Thread: Slow count(*)

Slow count(*)

From

"Abraham, Danny"

Date:

02 January 2008, 14:29:37

Hi,

We are looking for a patch that will help us  count using the indexes.

Our product is about 20 times slower on Postgres compared to MS SQL
Server.

Any ideas?

Danny Abraham
BMC Software
CTM&D Business Unit
972-52-4286-513
danny_abraham@bmc.com

Re: Slow count(*)

From

"Pavel Stehule"

Date:

02 January 2008, 14:50:40

On 02/01/2008, Abraham, Danny <danny_abraham@bmc.com> wrote:
> Hi,
>
> We are looking for a patch that will help us  count using the indexes.
>
> Our product is about 20 times slower on Postgres compared to MS SQL
> Server.
>
> Any ideas?

There isn't any similar patch and will not be.

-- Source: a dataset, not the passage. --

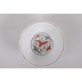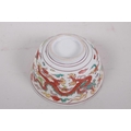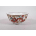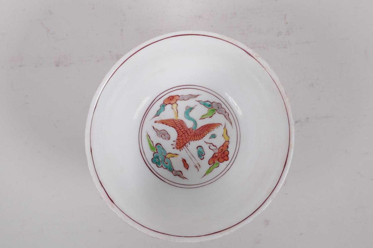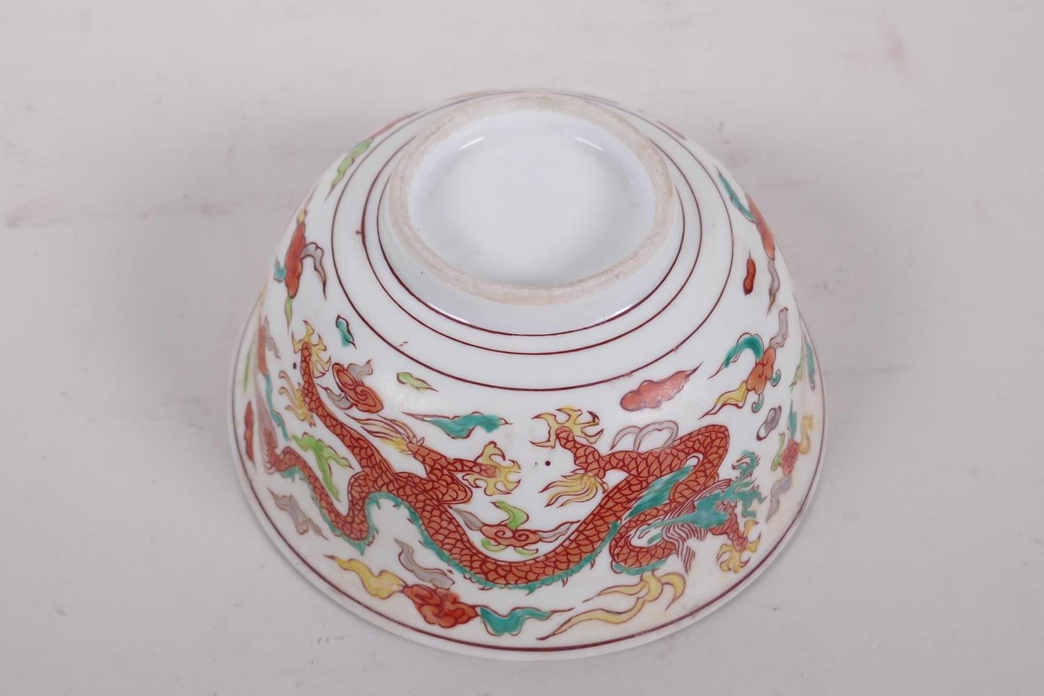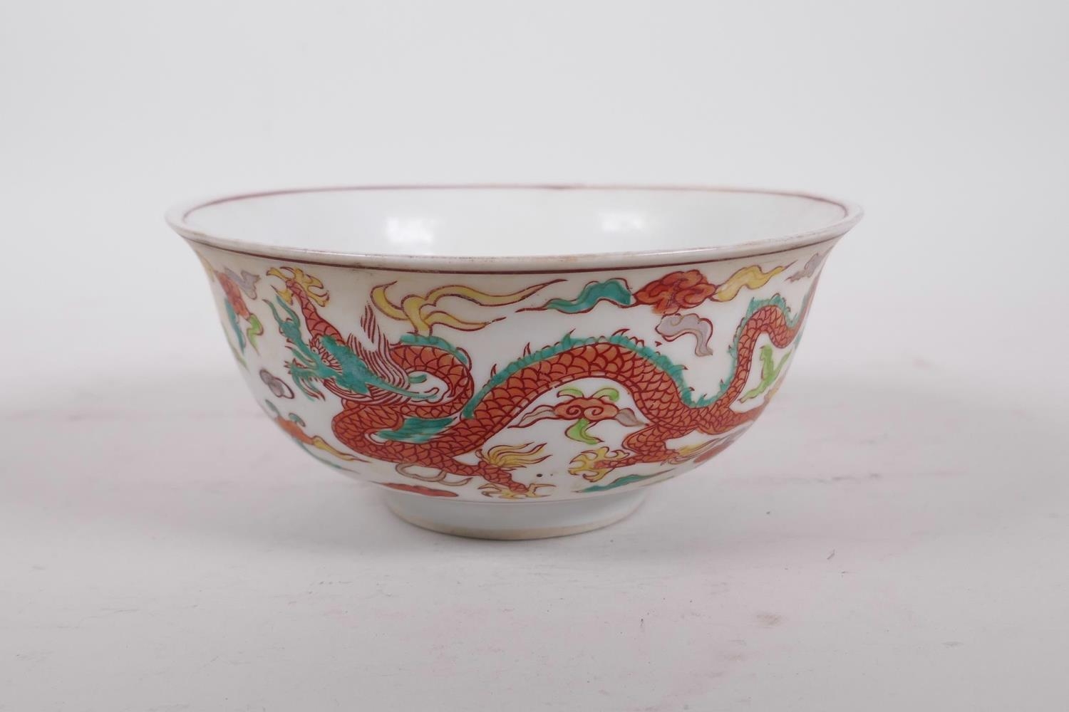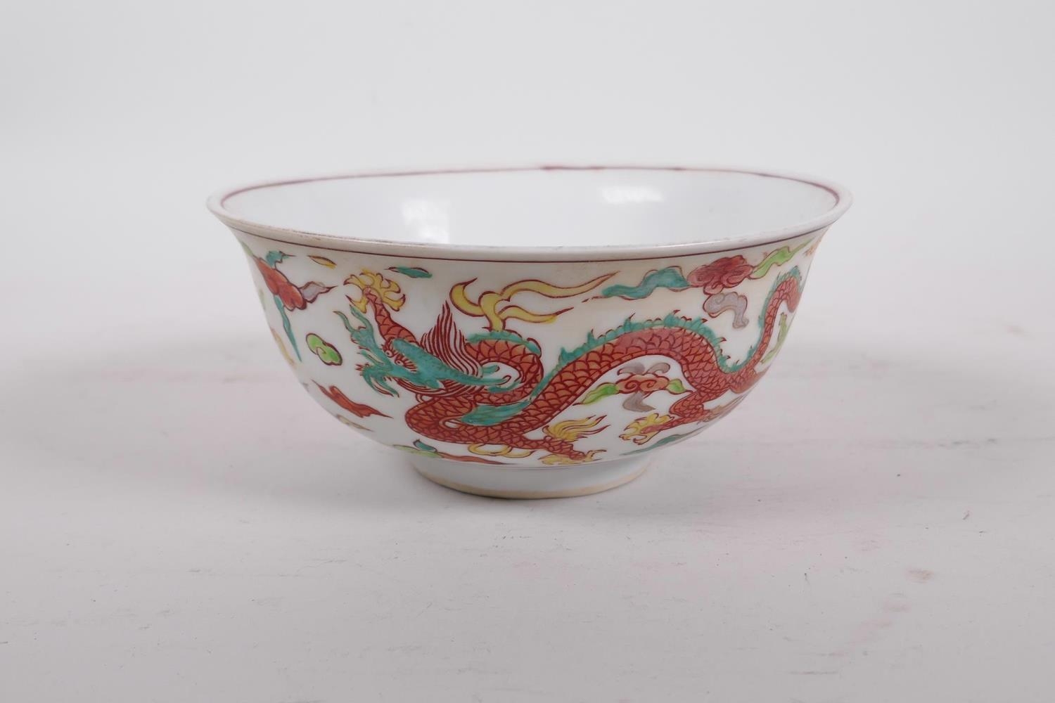 A Chinese polychrome porcelain rice bowl decorated with dragons to exterior and a phoenix to the bowl, 6" diameter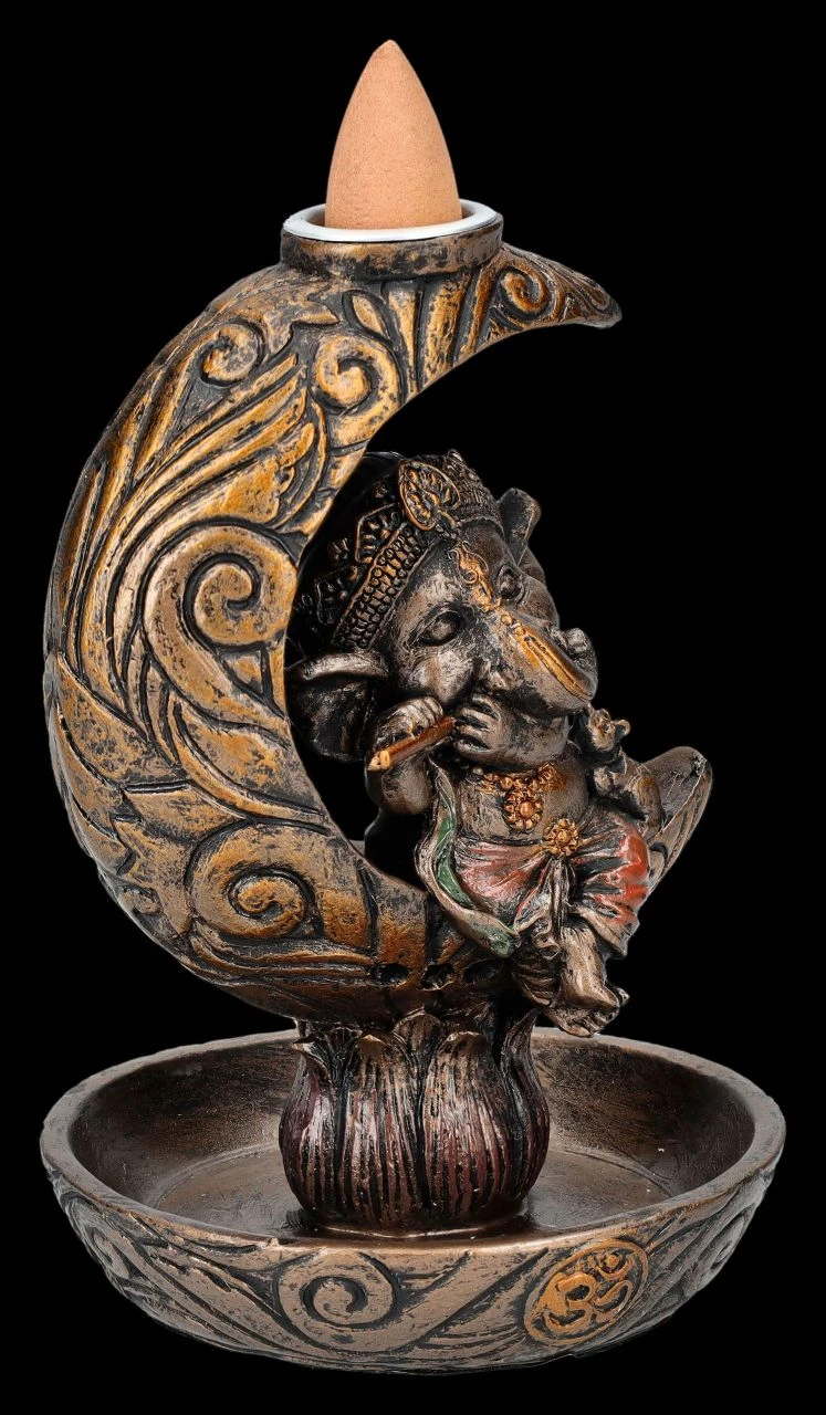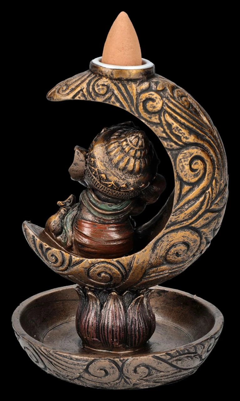 Eine schöne verzierte Mondsichel steht als Räucherkegelhaler auf einer Lotusblüte in einem Becken. Das am Rand verzierte Becken dient als Auffangschale für den Rauch des Räucherkegels. In der Mondsichel sitzt der nicht nur im Hinduismus als Glücksbringer sehr beliebte elefantenköpfige Gott Ganesha und spielt hingebungsvoll auf seiner Bansuri. Sein ständiger Begleittier, die Ratte, sitzt neben ihm und hört hingebungsvoll zu. Wenn der Räucherkegel in der Halterung auf der Mondsichel brennt, fließt der Rauch sanft wie ein Nebel in die wie ein Brunnen wirkende Schale. Der 12,5 cm hohe, 8 cm breite und 8 cm tiefe Rückfluss-Räucherhalter mit dem auf der Bambusflöte spielenden Gott Ganesha ist ein perfektes Accessoire für den privaten Rückzugsraum und natürlich auch für ein Yoga-Studio etc. Drei Backflow Räucherkegel sind in der Lieferung enthalten und weitere finden Sie in unserem Shop. Bei der Benutzung des faszinierenden Rückfluss-Räucherhalters beachten Sie bitte unsere Sicherheitshinweise.

Use materialized views or similar techniques.

Are you sure, so all your problems are only in SELECT COUNT(*)?

Check, please, all slow queries.

Regards
Pavel Stehule
>
> Danny Abraham
> BMC Software
> CTM&D Business Unit
> 972-52-4286-513
> danny_abraham@bmc.com
>
>
> ---------------------------(end of broadcast)---------------------------
> TIP 5: don't forget to increase your free space map settings
>

Re: Slow count(*)

From

"A. Kretschmer"

Date:

02 January 2008, 14:51:01

am  Wed, dem 02.01.2008, um  9:29:24 -0600 mailte Abraham, Danny folgendes:
> Hi,
> 
> We are looking for a patch that will help us  count using the indexes.
> 
> Our product is about 20 times slower on Postgres compared to MS SQL
> Server.
> 
> Any ideas?

Please show us your SQL and the execution plan (EXPLAIN or, better,
EXPLAIN ANALYSE) and read our FAQ.


Andreas
-- 
Andreas Kretschmer
Kontakt:  Heynitz: 035242/47150,   D1: 0160/7141639 (mehr: -> Header)
GnuPG-ID:   0x3FFF606C, privat 0x7F4584DA   http://wwwkeys.de.pgp.net

Re: Slow count(*)

From

Andrew Sullivan

Date:

02 January 2008, 15:26:01

On Wed, Jan 02, 2008 at 09:29:24AM -0600, Abraham, Danny wrote:
> We are looking for a patch that will help us  count using the indexes.

Is this for 
SELECT count(*) FROM table;
or 
SELECT count(1) FROM table WHERE. . .
The latter _will_ use an index, if the index is correct, the statistics are
right, and the index selectivity is worth the cost of reading the index. 
The former will not use an index at all, because the answer depends on
visibility, and you can't know that without reading the table.  If you're
counting how many rows are in the table (for, for instance, display
purposes), you probably need to do something else.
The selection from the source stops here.